→ About this exercise
Exact reproduction of the listing is required. Pictures are not reproduced.
------------------------------------------------------------------------
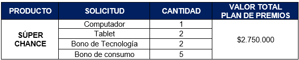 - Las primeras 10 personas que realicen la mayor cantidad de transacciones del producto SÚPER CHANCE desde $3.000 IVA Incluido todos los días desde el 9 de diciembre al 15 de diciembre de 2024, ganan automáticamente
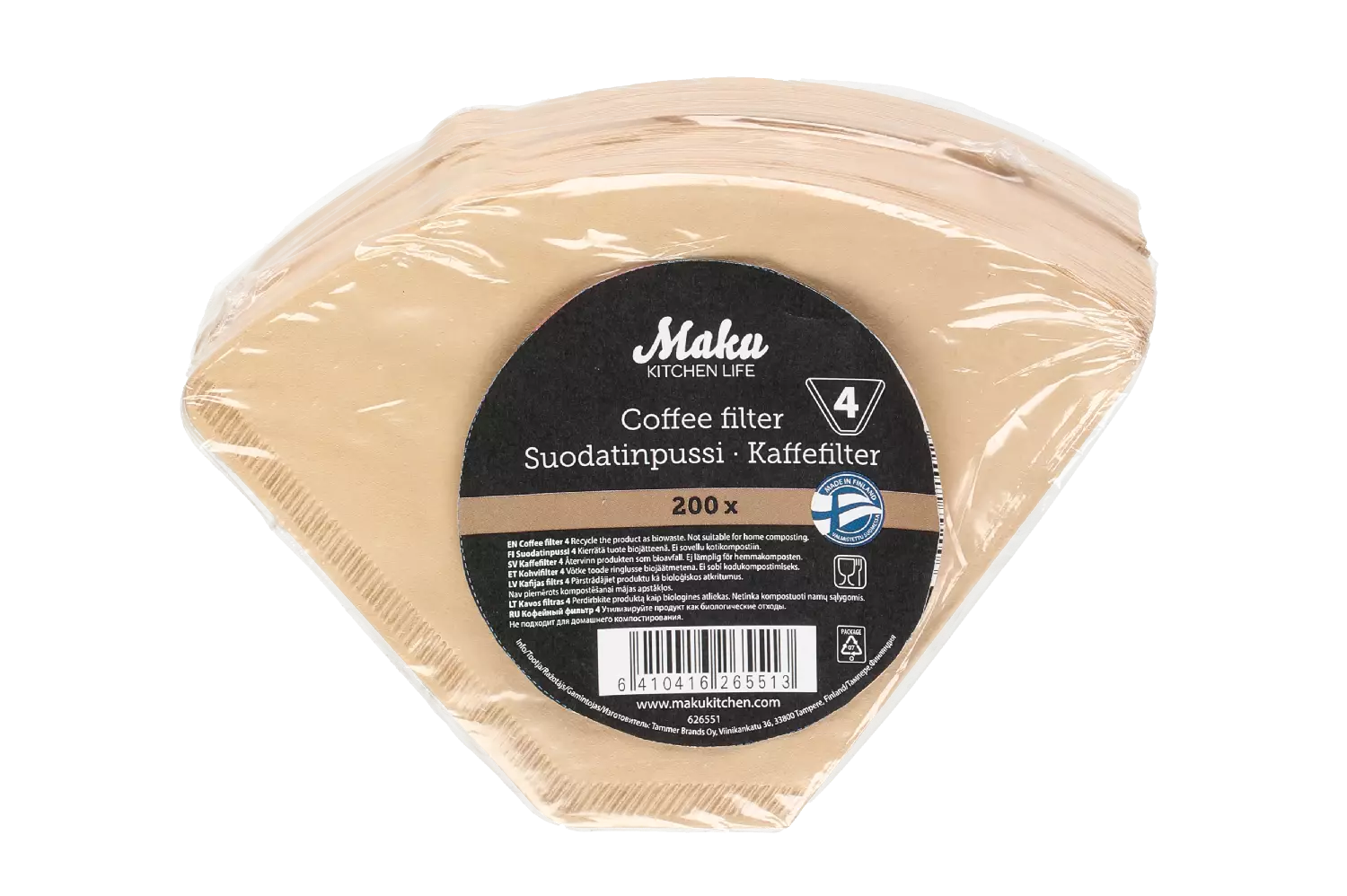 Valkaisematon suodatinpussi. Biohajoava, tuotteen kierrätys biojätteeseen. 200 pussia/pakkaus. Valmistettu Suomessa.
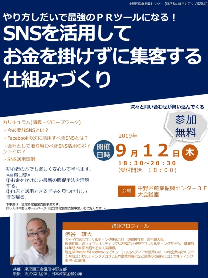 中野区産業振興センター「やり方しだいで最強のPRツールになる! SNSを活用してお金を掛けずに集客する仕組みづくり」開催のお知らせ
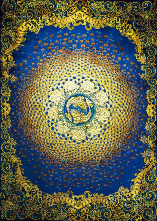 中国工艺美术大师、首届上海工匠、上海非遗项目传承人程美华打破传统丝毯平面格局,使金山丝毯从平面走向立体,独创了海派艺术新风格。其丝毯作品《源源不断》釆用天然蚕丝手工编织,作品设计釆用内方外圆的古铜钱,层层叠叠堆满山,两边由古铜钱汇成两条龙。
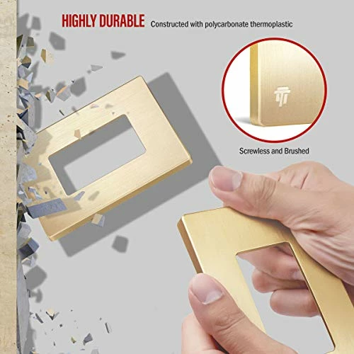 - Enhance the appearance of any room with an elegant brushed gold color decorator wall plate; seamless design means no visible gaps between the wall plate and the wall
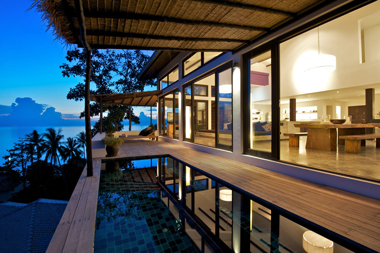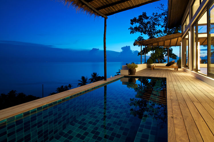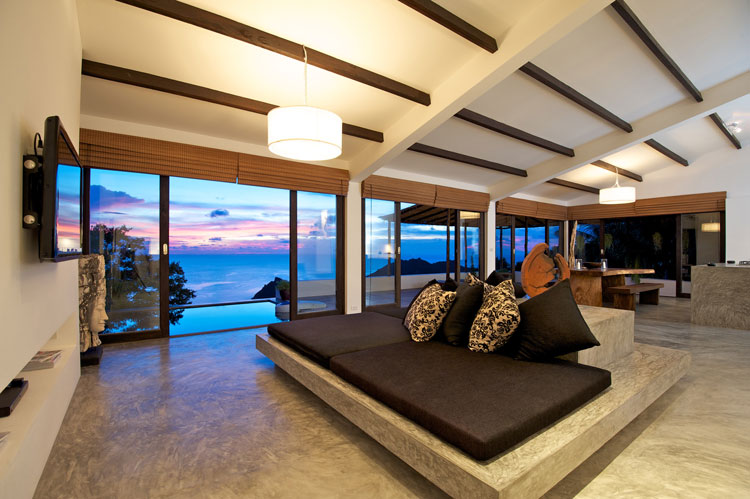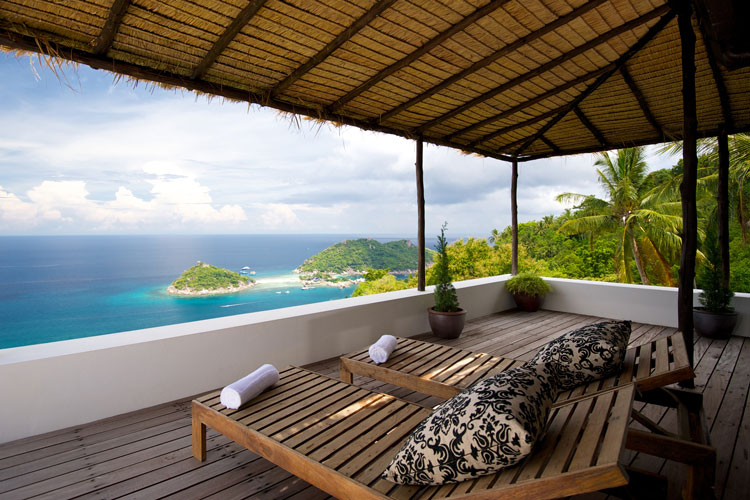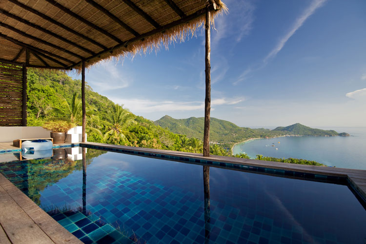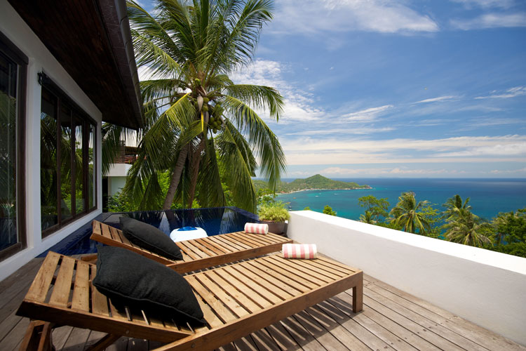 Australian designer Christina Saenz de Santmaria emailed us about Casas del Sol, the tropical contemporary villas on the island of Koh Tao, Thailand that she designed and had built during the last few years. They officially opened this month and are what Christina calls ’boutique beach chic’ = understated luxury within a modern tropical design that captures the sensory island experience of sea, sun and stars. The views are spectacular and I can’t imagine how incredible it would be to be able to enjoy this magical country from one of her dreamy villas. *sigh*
------------------------------------------------------------------------
→ Answer space
 - Las primeras 10 personas que realicen la mayor cantidad de transacciones del producto SÚPER CHANCE desde $3.000 IVA Incluido todos los días desde el 9 de diciembre al 15 de diciembre de 2024, ganan automáticamente
 Valkaisematon suodatinpussi. Biohajoava, tuotteen kierrätys biojätteeseen. 200 pussia/pakkaus. Valmistettu Suomessa.
 中野区産業振興センター「やり方しだいで最強のPRツールになる! SNSを活用してお金を掛けずに集客する仕組みづくり」開催のお知らせ
 中国工艺美术大师、首届上海工匠、上海非遗项目传承人程美华打破传统丝毯平面格局,使金山丝毯从平面走向立体,独创了海派艺术新风格。其丝毯作品《源源不断》釆用天然蚕丝手工编织,作品设计釆用内方外圆的古铜钱,层层叠叠堆满山,两边由古铜钱汇成两条龙。
 - Enhance the appearance of any room with an elegant brushed gold color decorator wall plate; seamless design means no visible gaps between the wall plate and the wall
 Australian designer Christina Saenz de Santmaria emailed us about Casas del Sol, the tropical contemporary villas on the island of Koh Tao, Thailand that she designed and had built during the last few years. They officially opened this month and are what Christina calls ’boutique beach chic’ = understated luxury within a modern tropical design that captures the sensory island experience of sea, sun and stars. The views are spectacular and I can’t imagine how incredible it would be to be able to enjoy this magical country from one of her dreamy villas. *sigh*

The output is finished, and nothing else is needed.